The Offer expired at 11:59 p.m. New York City time, on October 14, 2015. American Stock Transfer & Trust Company, LLC, the depositary for the tender offer, has advised that, as of the expiration of the Offer, a total of 18,271,479 shares had been tendered into and not withdrawn from the Offer, representing approximately 72.1% of Synergetics’ outstanding shares. Additionally, the depositary has advised that an additional 2,978,556 shares had been tendered by notice of guaranteed delivery, representing approximately 11.8% of Synergetics’ outstanding shares. The condition to the Offer that at least a majority of the outstanding shares of Synergetics common stock (on a fully diluted basis), not including shares tendered pursuant to procedures for guaranteed delivery and not yet delivered, be validly tendered and not properly withdrawn prior to the expiration of the Offer has been satisfied. Accordingly, all shares that were validly tendered and not properly withdrawn were accepted for payment and Valeant will promptly pay for all such tendered shares in accordance with the terms of the Offer. As a result of the tenders, Valeant will own a majority of the outstanding Synergetics shares (on a fully diluted basis), not including shares tendered pursuant to procedures for guaranteed delivery and not yet delivered, and expects to complete today the acquisition of Synergetics through a merger without a vote of Synergetics stockholders pursuant to Section 251(h) of the Delaware General Corporation Law.

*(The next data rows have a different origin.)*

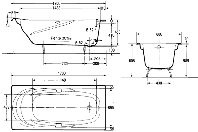 Чугунная ванна Jacob Delafon 170 прямоугольная — это прочность, надежность и долговечность. Она не трескается, не царапается, не боится коррозии. Ванна из чугуна длительное время держит тепло, поэтому отпадает необходимость время от времени подливать горячую воду. Чугун обладает хорошей шумоизоляцией: всплески воды будут не слышны. Чтобы сохранить белый цвет эмалевого покрытия, можно использовать любую бытовую химию.
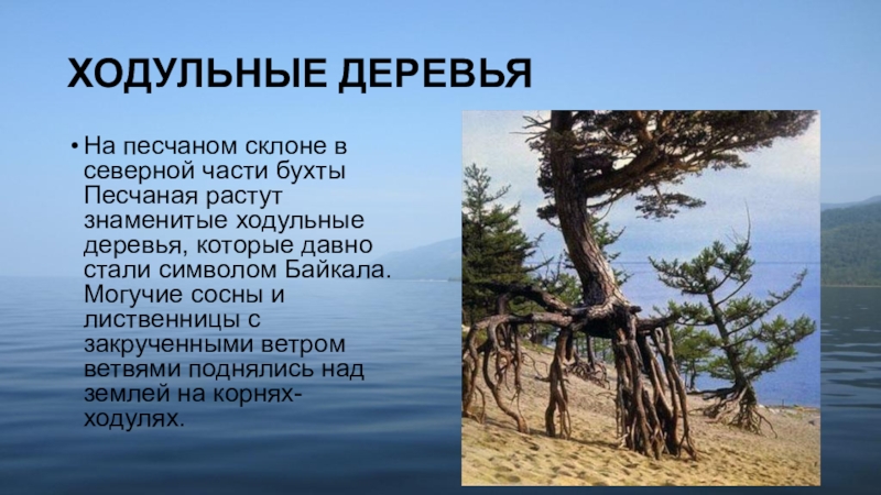 ходульные деревья, которые давно стали символом Байкала. Могучие сосны и лиственницы с закрученными ветром ветвями поднялись над землей на корнях-ходулях.
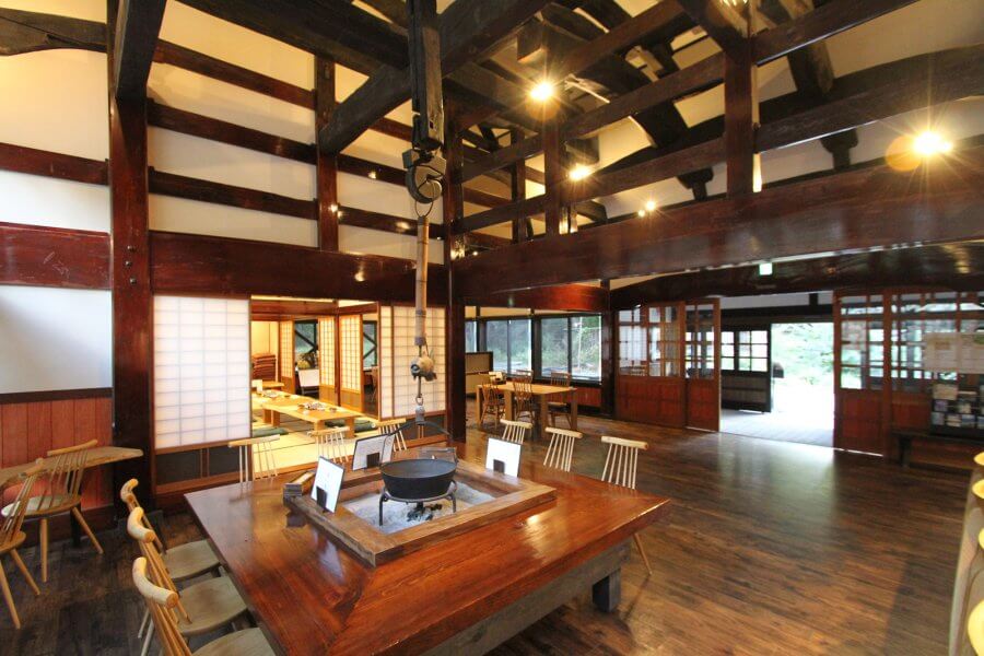 名瀑平湯大滝の入り口、平湯温泉スキー場に隣接する吹き抜け合掌造りのお食事処。
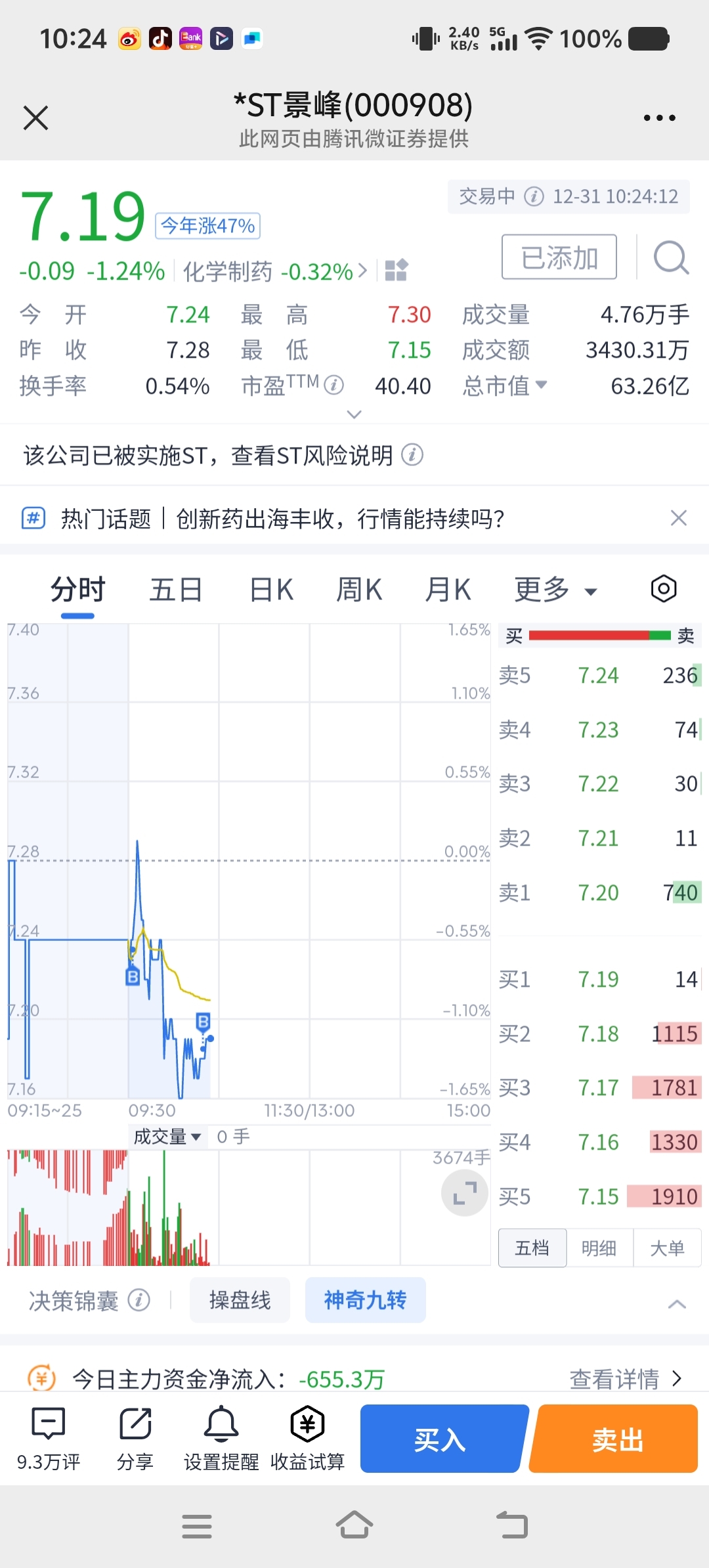 $*ST景峰(SZ000908)$ 同志门,我又进来了,欢迎吗?希望明天涨停
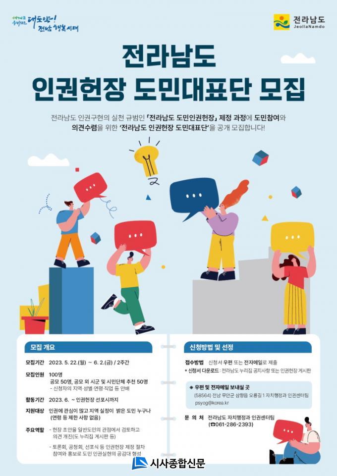 Àü³²µµ´Â Áö³ÇغÎÅÍ »ç·Ê ¼öÁý, Àü¹®°¡ ÀÚ¹® µîÀ» ÅëÇØ µµ¹ÎÀαÇÇåÀå Á¦Á¤ °èȹÀ» ¼ö¸³Çß´Ù. Áö³ 4¿ù¿¡´Â Àü¹®¼ºÀ» ¹ÙÅÁÀ¸·Î ÀαÇÇåÀå ÃÊ¾È ÀÛ¼ºÀ» ´ã´çÇÒ ÃʾÈÀÛ¼ºÀ§¿øÈ¸¿Í ¾Æµ¿¡¤¿©¼º¡¤³ëÀΡ¤´Ù¹®È µî ´Ù¾çÇÑ »çȸ ±¸¼º¿øÀÇ Á¦¾ÈÀ» ±¸Ã¼ÈÇϰí ÇåÀå ³»¿ëÀ» °ËÅäÇÒ °ËÅäÀÚ¹®À§¿øÈ¸¸¦ Æ÷ÇÔÇØ ÃÑ 50¸íÀÇ À뱂 Àü¹®°¡ ¹× ºÐ¾ßº° ´ëÇ¥·Î Àü³²µµ ÀαÇÇåÀå Á¦Á¤À§¿øÈ¸¸¦ ±¸¼ºÇß´Ù.
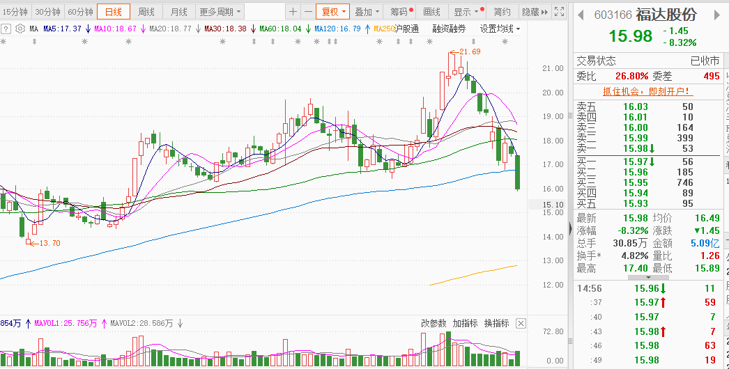 福达股份:汽车零部件,上周五被大盘拖累跌破半年线支撑,继续向下寻找底部,按理该股是要止损撤退了,放量下跌,但考虑到每周一都有不错的修复,看周一能否有修复,如果没有强修复考虑撤退。
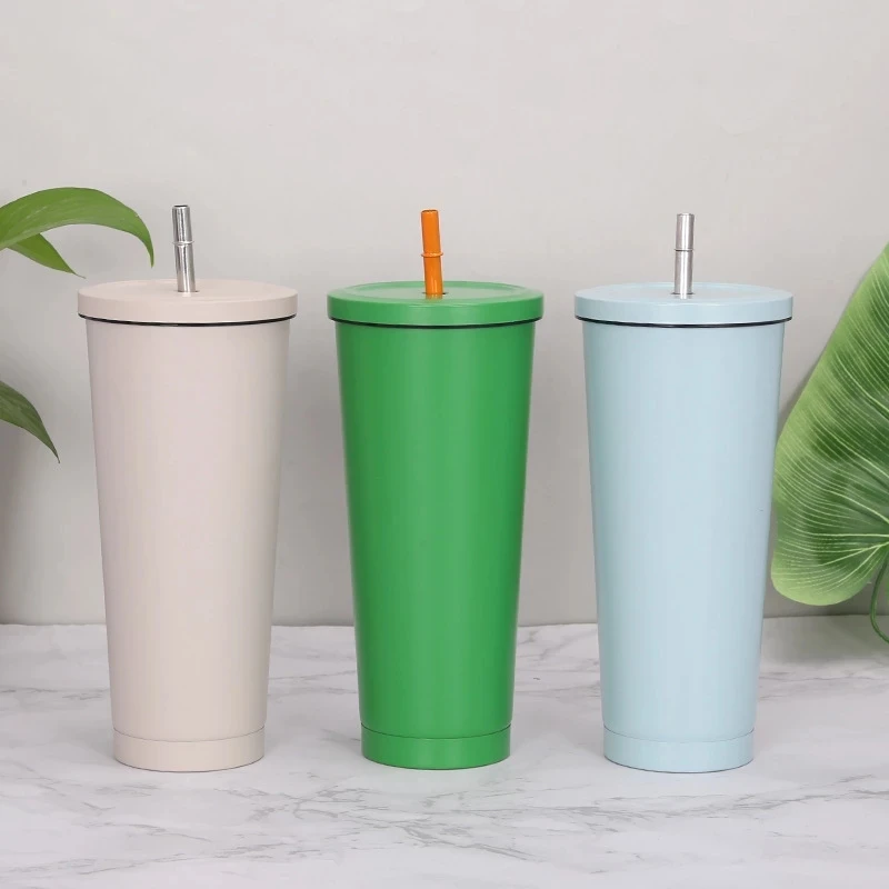 Stainless Steel Straw CupLarge Capacity Vacuum Solid Color

As a result of the merger, Synergetics will become a wholly owned subsidiary of VPI. In the merger, each remaining share of Synergetics that was not validly tendered in the Offer will be cancelled and converted into the right to receive the same price per share of $6.50 in cash (less any applicable withholding taxes and without interest) and one CVR, each without interest and less any applicable withholding taxes that was paid in the Offer. Following completion of the merger, the common stock of Synergetics will no longer be listed for trading on the NASDAQ Capital Market, which is expected to take effect as of the close of the market today.
About Valeant Pharmaceuticals International, Inc.
Valeant is a multinational, specialty pharmaceutical company that develops, manufactures and markets a broad range of pharmaceutical products and medical devices primarily in the areas of dermatology, gastrointestinal disorder, eye health, neurology and branded generics. More information about Valeant can be found at www.valeant.com.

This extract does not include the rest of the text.